I found Nee’s book, Love Not the World, to be both troubling and compelling for this very reason. It is hard-hitting and painfully practical. For Nee, nothing is neutral, and no worldly activity can be considered benign. There is only FOR God and AGAINST God. Nee believed that the world and everything in it is orchestrated by Satan to be anit-God. According to him, Christians living in the world must tread lightly and with fear lest we be turned against God also.
This book is actually a collection of addresses given by Nee during the period of 1938-41, and the cultural references are bit dated. However, neither of these realities lessen the impact of the message. It reads like an impassioned sermon. Even when I found myself disagreeing with Nee, his words still got to me. This book made me wrestle with ideas I have uncritically accepted as I have grown up in the Christian faith. What does it really look like to “love not the world?” Even if I’m not sinning, does the filthy mindset of the world negatively affect my walk with Jesus?
The final chapter—and the most controversial for me, personally—concerns money. Nee believed that money itself was inherently evil. As an American surrounded by incredible wealth and prosperity, is it possible my money is far more dangerous to my relationship with Jesus than I ever imagined? Even if I strive to be generous, has consumerism gripped my soul, and I have become desensitized to it? This is provocative stuff.
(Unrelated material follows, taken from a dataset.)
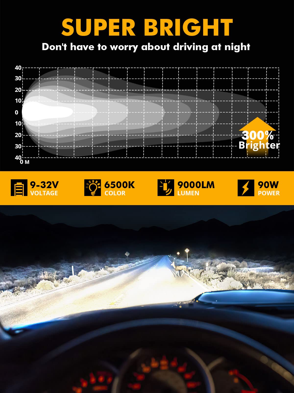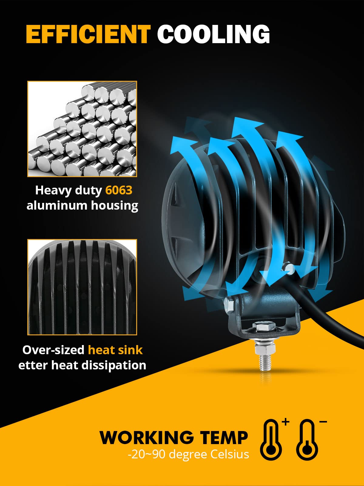 Auxbeam 4 Inch Round Led Light Pods, 90W Offroad Flood White Light Bar, Super Bright 9000Lm Driving Work Light With Dt Plug Wiri
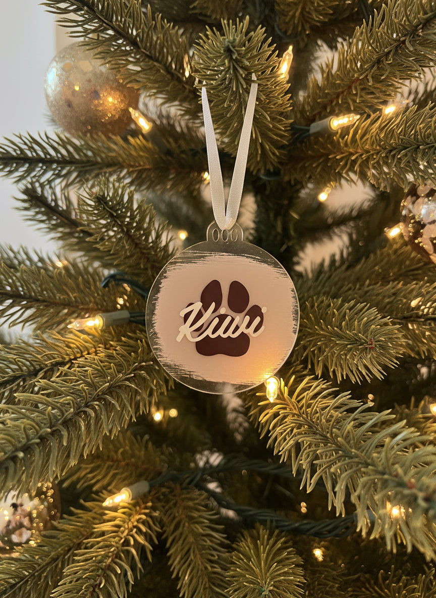 Personalisierter Weihnachtsbaumanhänger aus Acryl mit einer niedlichen Hundepfote und dem Namen des Hundes. Das perfekte Geschenk für jeden Hundebesitzer!

Even if you don’t agree with all of Nee’s thoughts, you have to admit he is correctly identifying where the real tension points are when it comes to following Jesus.
I recommend this book not because I agree with everything in it, but because I think we all need a prophet to come along once in a while and shake us out of our stupor.
George W. Sarris does an excellent job with the narration of the audiobook version.
Please Note: This audiobook was gifted as a part of the Christianaudio Reviewers Program in exchange for my unbiased review of this work. This has in no way influenced my opinion or review of this work.